The present disclosure relates to a wind turbine blade and a wind turbine generator having the wind turbine blade.

BACKGROUND ART

With increased environmental awareness, wind turbine generators are becoming popular. A wind turbine generator normally has a rotor with a plurality of blades attached to a hub. The rotor is installed to a nacelle which is placed on a tower installed onshore or offshore. In this type of wind turbine generator, the rotor rotates upon receiving wind on the blade, rotation of the rotor is transmitted via a drive train part to a generator housed in the nacelle, and then electric power is generated by the generator.

In Patent Literature 1, a blade for a wind turbine generator is disclosed. The blade includes an erosion protection coating on a blade surface to protect the blade from erosion.

CITATION LIST

Patent Literature

PTL 1

US 2011/0142678

SUMMARY

Technical Problem

It is know that erosion of the wind turbine generator largely relies on a collision speed (tip speed of the blade). Thus, as the length of the blade increases in accordance with the increased size of the wind turbine generator, the circumferential of the speed increases. As a result, erosion is likely to occur.

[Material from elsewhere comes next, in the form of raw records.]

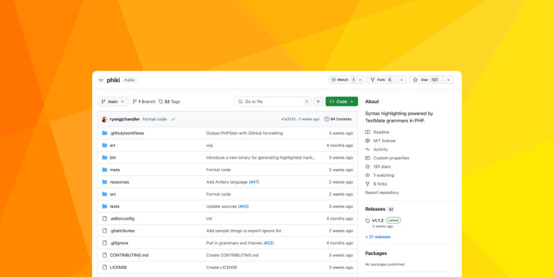 Phiki, developed by Ryan Chandler, is a PHP-based syntax highlighter that uses TextMate grammar files and Visual Studio Code themes to generate syntax-highlighted code for web and terminal. It supports over 200 language grammars, more than 50 themes, and features line numbers and multi-theme support. Phiki integrates easily with CommonMark for blogs and documentation sites.
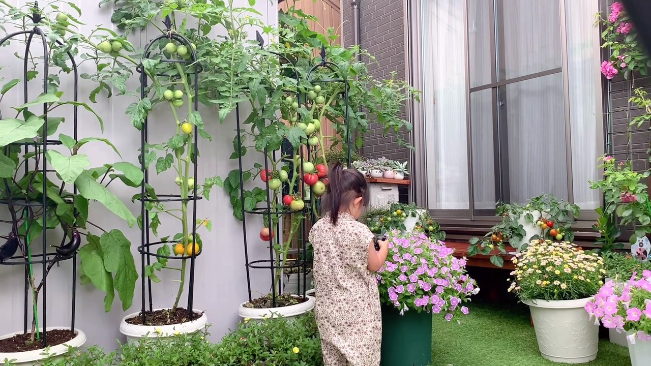 Cô con gái nhỏ luôn hào hứng mỗi khi được ra vườn phụ mẹ chăm cây, thu hoạch rau trái.
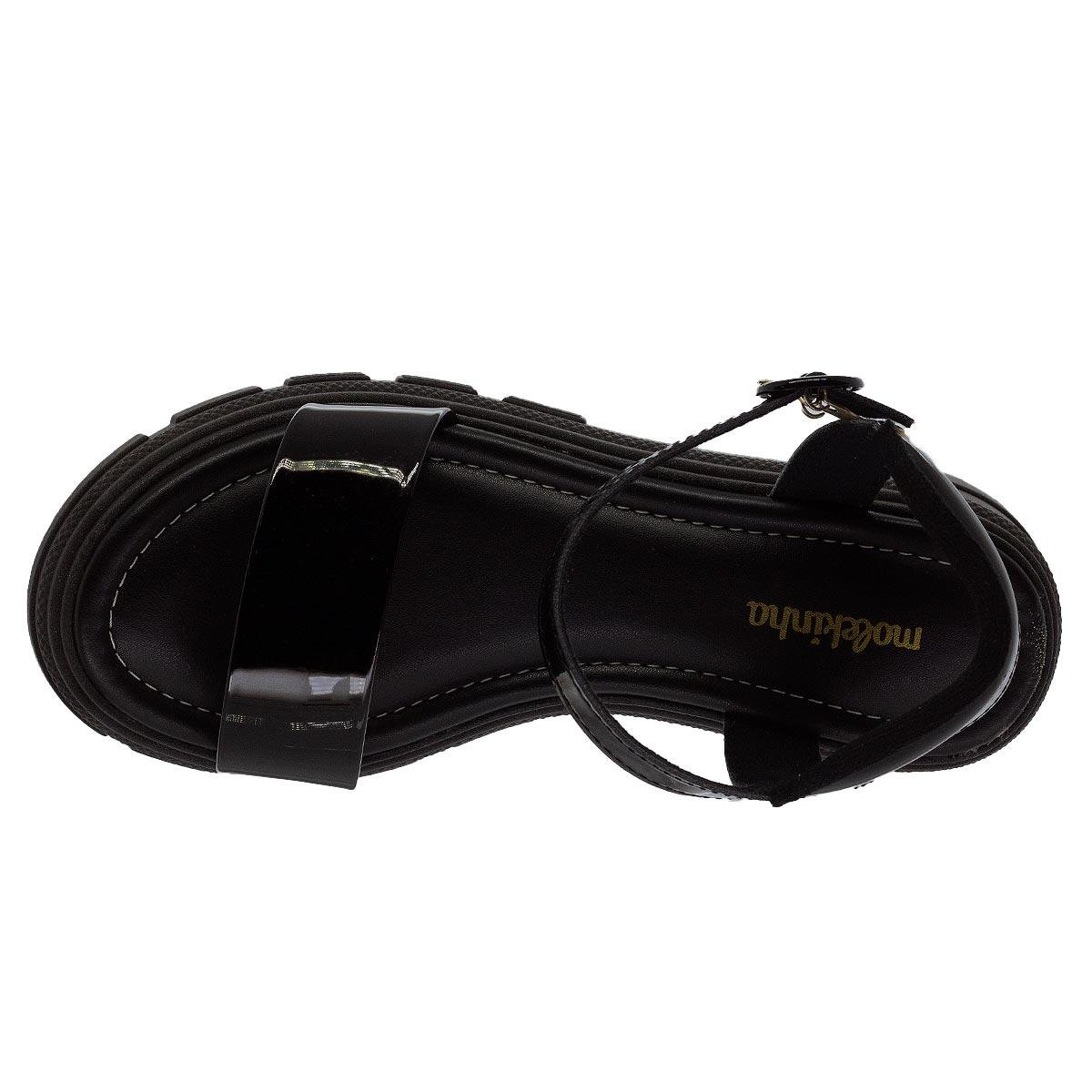 A Sandália Infantil Menina Molekinha 2350.101 Preta é linda! Confeccionada em material sintético, possui palmilha em material sintético, para maior conforto, possui fivela em seu cabedal, auxiliando no ajuste dos pés, solado em pvc TR, para maior segurança e detalhes em verniz que deixam o modelo ainda mais bonito.

Further, the increased length of the blade leads to a wider erosion area in the longitudinal length of the blade, in which erosion becomes evident within a prescribed period. Thus, a speed of erosion progression (an erosion speed) may differ within the erosion area. Therefore, even by repairing a portion where erosion became evident through blade maintenance, it is likely that erosion becomes evident after a short time in other portions of the blade as well.

For this reason, the frequency of maintenance on the blade tends to become high for a long wind turbine blade.

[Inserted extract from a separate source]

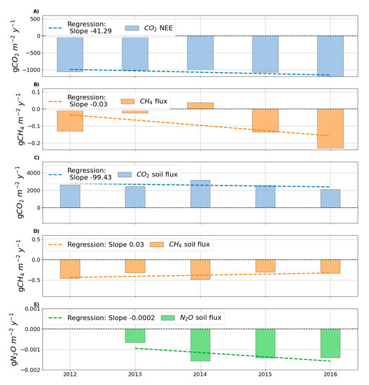 Yearly budgets (bars) and trends (lines) for CO2 (A) and CH4 (B) fluxes measured at the top of the tower, and soil CO2 (C), CH4 (D) and N2O (E) fluxes measured at chambers no. 2 (CO2 and CH4) and no. 10 (N2O). Soil fluxes budgets from (C–E) correspond only to the period May–November, while the tower fluxes from (A,B) to the full year [38].
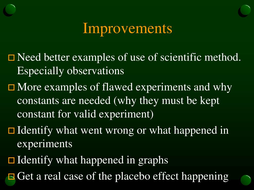 Improvements • Need better examples of use of scientific method. Especially observations • More examples of flawed experiments and why constants are needed (why they must be kept constant for valid experiment) • Identify what went wrong or what happened in experiments • Identify what happened in graphs • Get a real case of the placebo effect happening

However, in the long wind turbine blade, the area of erosion in the longitudinal direction of the blade where erosion tends to be evident is wide. By protecting the entire area by providing an expensive coating having excellent anti-erosion properties, a production cost of the blade rises.

In this point, there is no measure proposed in Patent Literature 1 to suppress rise in the production cost of the blade while lowering the frequency of maintenance on the blade.

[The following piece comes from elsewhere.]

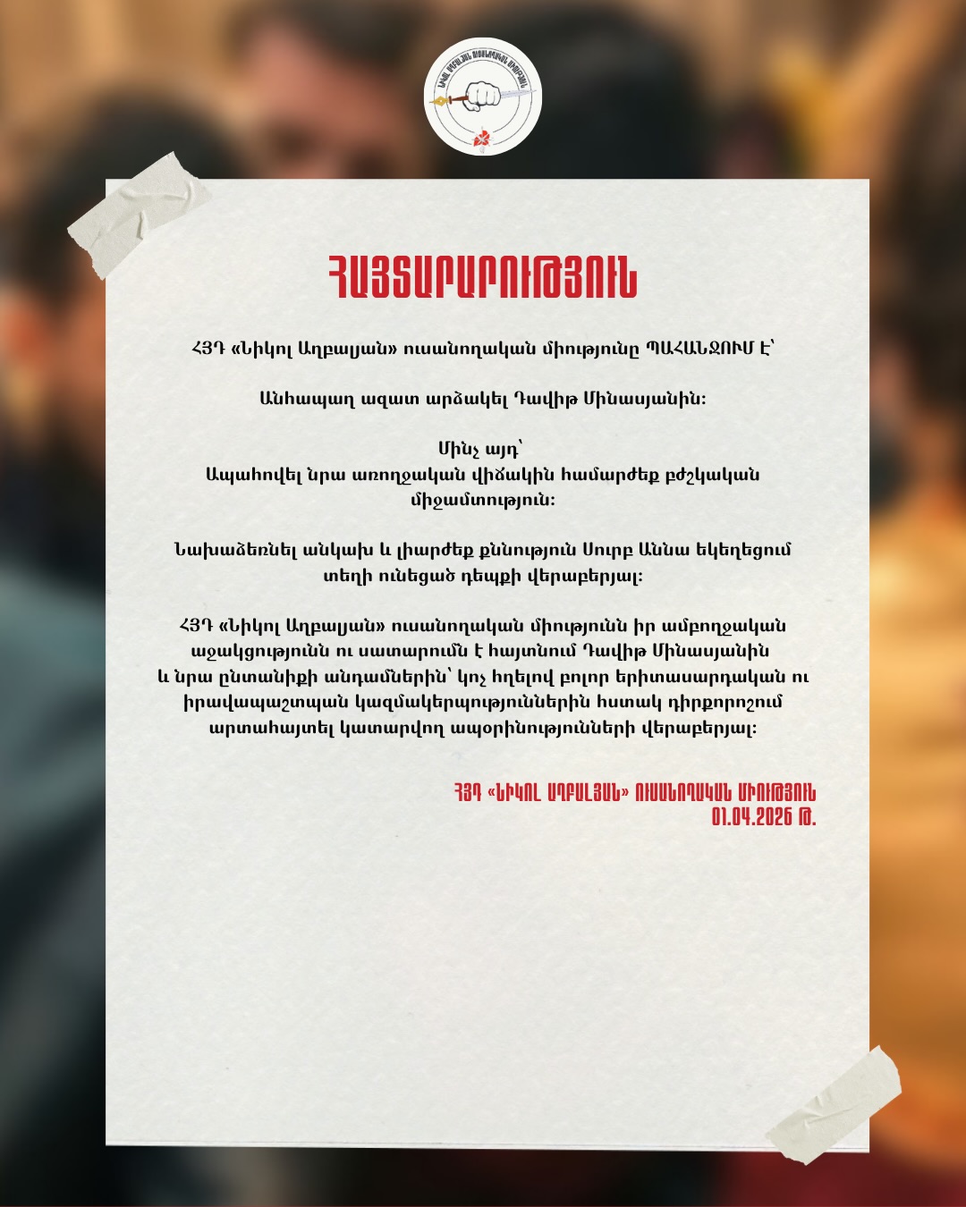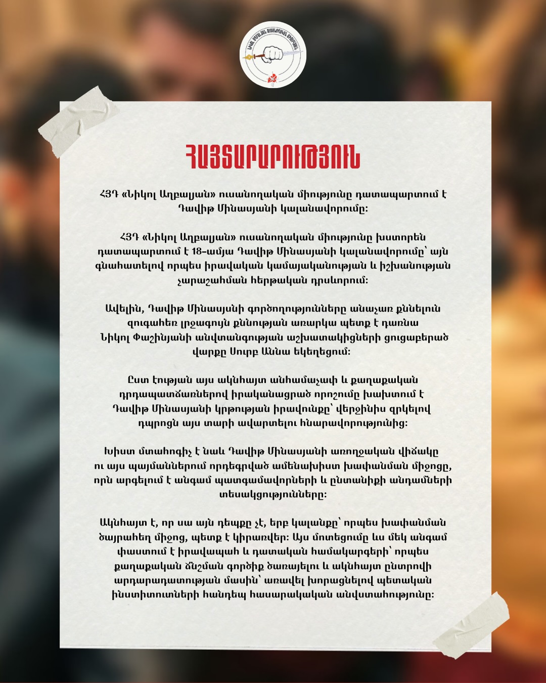 ՀՅԴ «Նիկոլ Աղբալյան» ուսանողական միությունը խստորեն դատապարտում է 18-ամյա Դավիթ Մինասյանի կալանավորումը՝ այն գնահատելով որպես իրավական կամայականության և իշխանության չարաշահման հերթական դրսևորում։

It is an object of at least one embodiment of the present invention to provide a wind turbine blade and a wind turbine generator having the wind turbine blade, which make it possible to reduce the maintenance frequency and the production cost.

Solution to Problem

According to at least one embodiment of the present invention, a wind turbine blade attached to a hub of a wind turbine generator comprises: blade body; a first covering layer which covers at least a leading edge in a first region including a tip part of the blade body; and a second covering layer which covers at least the leading edge in a second region of the blade body, the second region being disposed on a hub side of the first covering layer, and the first covering layer has a higher erosion resistance than the second covering layer.

The first covering layer covers at least the leading edge of the first region 12A including the tip part of the blade body which is susceptible to erosion due to high tip speed and the first covering layer has higher anti-erosion level than the second covering layer which covers at lest the leading edge side of the second region of the blade body disposed on the hub side of the first covering layer. As a result, it is possible to reduce the difference in the erosion rate between the first region and the second region, hence reducing the maintenance frequency of the blade.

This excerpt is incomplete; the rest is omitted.